Link to : The 10 essentials REI

As I mentioned in a previous blog,
There are no restrooms at the top! If you can’t hold it bring a Poo Bag.
Plus, there is very little to no privacy!

Here are a link to:Biffy Bags

There was an outhouse just as you reach the tree line, about 2 miles from the trail head.

Below are a few pictures of the first climb.

A thumbs up for now!

Soon we find a very small climber











Follow the poles to stay on-line. The first 2 miles is through the woods, then the fun begins climbing over and around the rocks.

Rocks and more Rock


We did have a few on lookers

Made it. What? More rocks!

Now a 1000 feet of sand to climb!



The crater is lined with snow even in July. Hikers have stepped too close to the edge and have taken a nasty fall and had to be rescued.

Crater and cone 2003

Here is a little sharper Photo with Spirit Lake and Mt Rainier in the background.

Do notice the size of this first cone. The dark between the edge and the cone is ice. That is Spirit Lake in the distance and Mt Rainier in the far distance. The light material on the lake are dead logs floating on the lake, they move around as the wind changes direction.

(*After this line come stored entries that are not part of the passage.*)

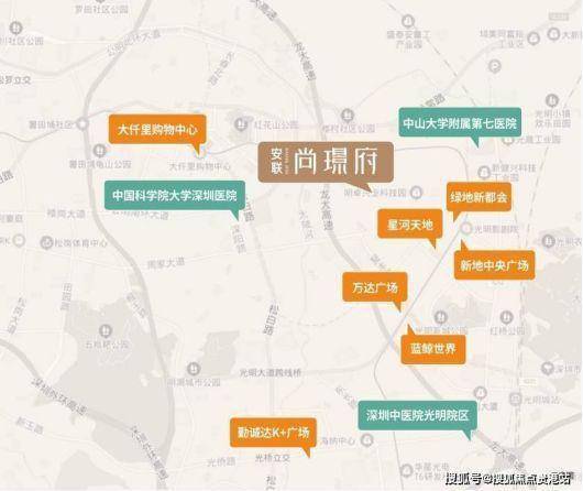 比如在项目东面的光明狮山利益统筹项目,是光明区8个土整利益统筹试点项目之一,将崛起一批高端商业综合体、高品质住宅区,打造光明科学城中央活力商务带。
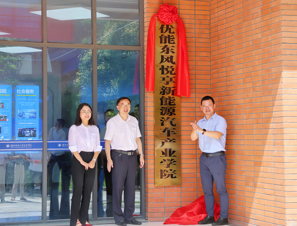 随后,乐动平台院长李开灿,武汉优能高教科技有限公司董事长高国虎,东风悦享科技有限公司总监王艺璇为“优能东风悦享新能源汽车产业学院”进行剪彩并揭牌。
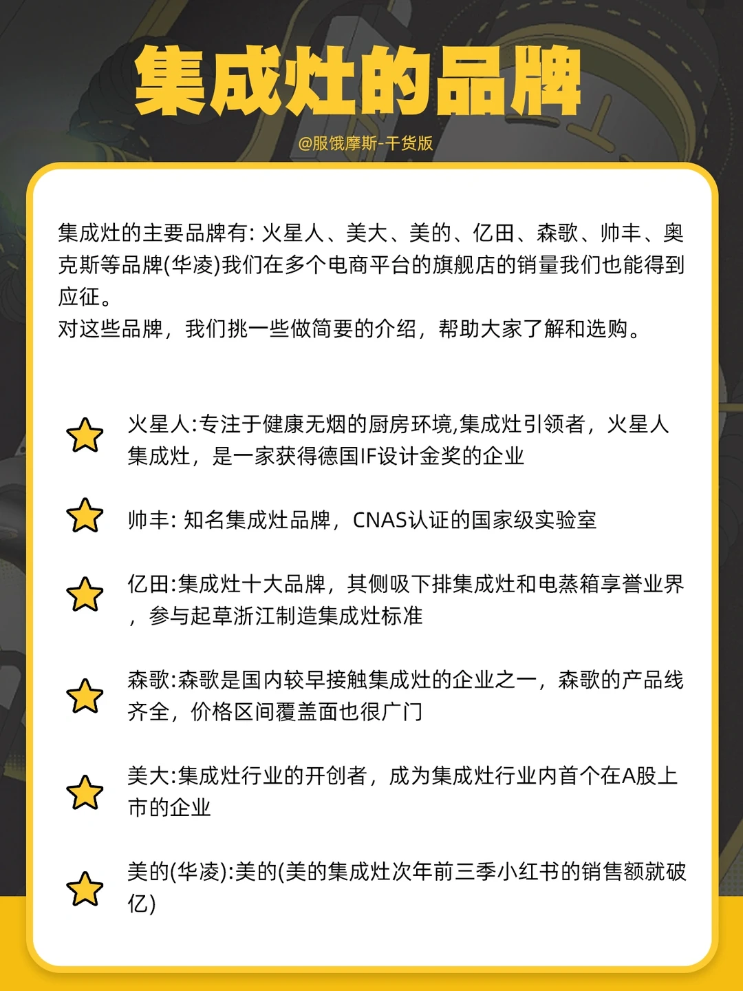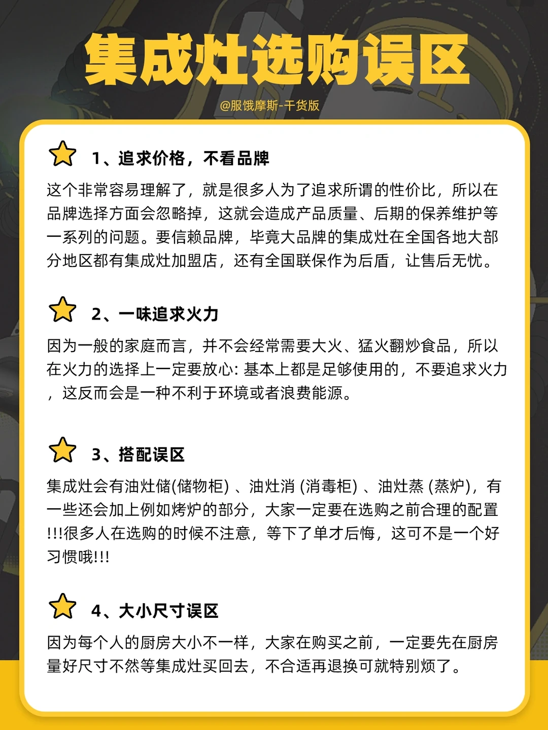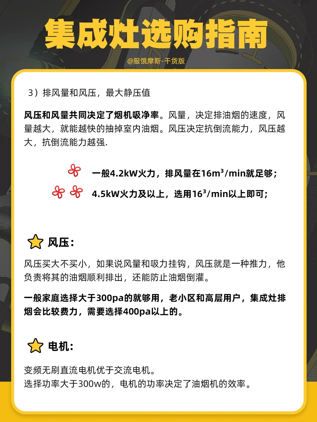 现在厨房设施越来越多样化,集成灶也已经走入很多人的家里。 🕹现在的集成灶内容丰富,功能贼多。品牌和样式也特别多。最近很多粉丝问我应该怎样挑选集成灶。 ❗️虽说集成灶融合了很多功能,但最主要还是吸油烟能力和灶具,以及智能化、便利生活上,其他的功能根据需求选择即可。 ♥️因此,我们主要考虑以下几点: ⭐️1.核心参数能否满足日常需要 ; ⭐️ 2.智能化方面按需选择; ⭐️3.静音性可接受程度; ⭐️4.机身材质和售后保障满意度; -

The group on top of Mt St Helen’s including Zach the dog! 7/22/2003

After a short rest, some light lunch and a look around we all head for the trail head, about 6 miles downhill through the rocks. Tough on the legs.

Glissading the easy way












Glissading the easy way down

September 2nd, 2003

The next time I climbed Mt. St. Helen’s was September 2nd, 2003 with my son Chris and Bob a good hiking friend.









Me, Chris and Bob at the top!


Chris on Top

Next climb was a few years later due to the closure to climbing Mt. St. Helen’s between September 2004 and July 2006 because of earthquakes and minor eruptions

August 9th, 2007.
This climb is with both of my sons Ben and Chris and me along with “Starr” Chris’s wife gave it a try, she almost made it to the top, but had to stop about ½ mile short. Starr gave it her all and even did some practice hikes prior to the climb, but it is very difficult for a person who has not been used to the elevation and tough hiking to attempt something like Mt St Helen’s.

Ben, Me, Chris and Starr.



 August 11th, 2008
On August 11th, 2008, I went by myself.

Mt Adams from Mt St Helen’s

On top









Another beautiful day, it did become quite windy at the top and clouds were below the crater the east.  Below is what the crater looked like on that August 11th., 2008 compared to the 2003 climb. That is a whole new cone building higher and closer to the rim than the old one. And there are far more steam vents showing around it


New Crater Cone, bigger and closer

Steam Vents

Steam Vent

















One more time Chris my son wanted to get a group of his friends together and have them experience this challenge. I had them all do a couple warm up hikes. Once out to Paradise Park on Mt Hood and again up to the tie off rock on Cooper Spur Mt Hood.


August 16th, 2010
So, on August 16th, 2010 Chris, Ben, Bob, me and 4 of Chris’s friends did it again. We all made it in good time and had a really great experience. The weather was good to us again with no fog or clouds covering the crater or valley below. That was to be my last time.

A good way to sleep

We’re all Ready to go, about 2 miles through the woods and 4 miles of rock climbing.


Kenny taking a break

Jeremy having a good time










At top again, I did it 5 times, Bob I think 4 times, Chris 3 times and Ben 2 times.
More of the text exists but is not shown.